A fight was going on around the bar. The proprietress was hollering at an excited chauffeur. He was contradicting her: ‘Td never take the liberty of monkeying with food.” The fruit dealer yelled: “Keep quiet there.” Whereupon the chauffeur turned around angrily, and looked at the stout chap, the latter smiled him out of countenance, however, and there followed a vicious silence around the bar.

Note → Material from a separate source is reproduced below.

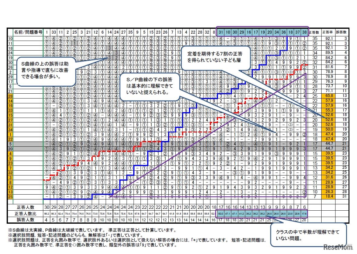 【全国学力テスト】S-P表分析で授業改善や習熟度別学習…文科省が提供 3枚目の写真・画像

Meck whispered to Franz: “The cattle dealers are not coming today. Got everything fixed up. They’re all set for the next session. Take a look at that yellow chap, he’s a big boy around here.”
All evening Franz had been watching the yellow-faced man whom Meck had pointed out to him. Franz felt tremendously attracted by him. He was slim, wore a shabby army coat-wonder if he’s a communist-and had a long, thin, yellowish face; what struck you most about him were the deep wrinkles on his forehead. Surely the man was only in his early thirties, but he nevertheless had gaping hollows on both sides of
his
face, from his nose to his mouth. Franz kept on looking intently at the man’s nose; it was short, blunt, and planted in a very business-like way. His head was leaning on his left hand in which he held a burning pipe. He had high, black, upstanding hair. When he went over to the bar later on-he dragged his legs behind him as if his feet were sticking to something Franz noticed that he wore miserable yellow shoes, and his thick gray socks were hanging overboard. Wonder if that fellow’s a consumptive? He ought to be put in a hospital, Beelitz or somewhere, to think they let him run around like that. What’s he doing anyway? The man came ambling along, his pipe in his mouth, in one hand a cup of coffee, in the other a lemonade with a big tin spoon. Then he sat down at the table, took one swallow of coffee and then of lemonade. Franz couldn’t take his eyes off him. What sad eyes the fellow has! Probably been doing time. Say, look here, he probably thinks I’ve been doing time, too. So I did, TegeL four years, now you know it, what about it?